# Probleme mit *emf, *wmf



## Gismo (9. September 2004)

Hallo

Ich hab noch kaum Erfahrung mit Vector-programmen. Momentan bin ich daran, ein Logo in Illustrator zu erstellen. Ich hab mal Versucht das Logo als *emf zu exportieren und im Word einzufügen, da es auch als Briefkopf verwendet wird. Das Problem ist, dass die Schrift vom Logo im Word nicht angezeigt wird. Zudem ist ein Rahmen um das Logo. Alles andere wird korrekt angezeigt.
Wenn ich das Logo als wmf exportiere wird zwar alles angezeigt, aber die übrigen Formen (in Photoshop mit Pfaden erstellt) werden eckig.

Muss ich die Schrift irgendwie speziell bearbeiten? Oder muss ich für Office-Anwendungen eine Pixeldatei verwenden?

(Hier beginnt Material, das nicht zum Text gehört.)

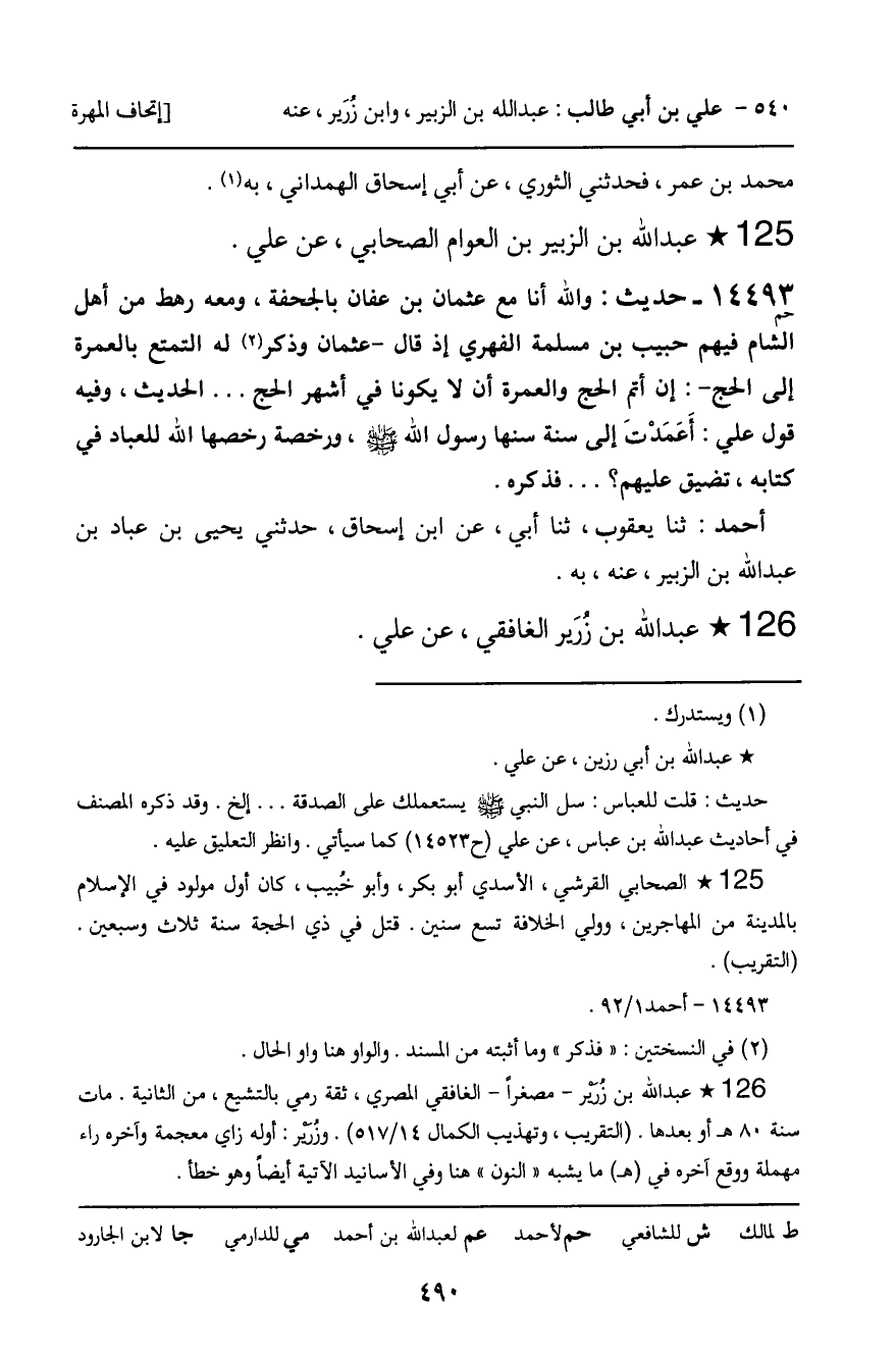 14493 - حَدِيثٌ (حم) : وَاللَّهِ أَنَا مَعَ عُثْمَانَ بْنِ عَفَّانَ بِالْجُحْفَةِ، وَمَعَهُ رَهْطٌ مِنْ أَهْلِ الشَّامِ؛ فِيهِمْ: حَبِيبُ بْنُ مَسْلَمَةَ الْفِهْرِيِّ، إِذْ قَالَ عُثْمَانُ، وَذَكَرَ لَهُ التَّمَتُّعَ بِالْعُمْرَةِ إِلَى الْحَجِّ: إِنَّ أَتَمَّ الْحَجِّ وَالْعُمْرَةِ أَنْ لا يَكُونَا فِي أَشْهُرِ الْحَجِّ ... الْحَدِيثَ، وَفِيهِ قَوْلُ عَلِيٍّ: أَعَمَدْتَ إِلَى سُنَّةٍ سَنَّهَا رَسُولُ اللَّهِ، صَلَّى اللَّهُ عَلَيْهِ وَسَلَّمَ، وَرُخْصَةٍ رَخَّصَهَا اللَّهُ لِلْعِبَادِ فِي كِتَابِهِ، تُضَيِّقُ عَلَيْهِمْ؟ ... فَذَكَرَهُ.

Danke schon für die Hilfe und Tipps


----------



## Jan-Frederik Stieler (17. September 2004)

Hi,
also wenn deine Pfade richtig angezeigt werden dann wandele doch die Schrift in Zeichenwege (Pfade) um. Aber besser als diese exotischen Formate sind Jpg und Tiff da Word ja ein Textverarbeitungsprogramm ist ist es eigentlich auch nicht für die darstellung von Vektorformaten geeignet.

Viele Grüße


----------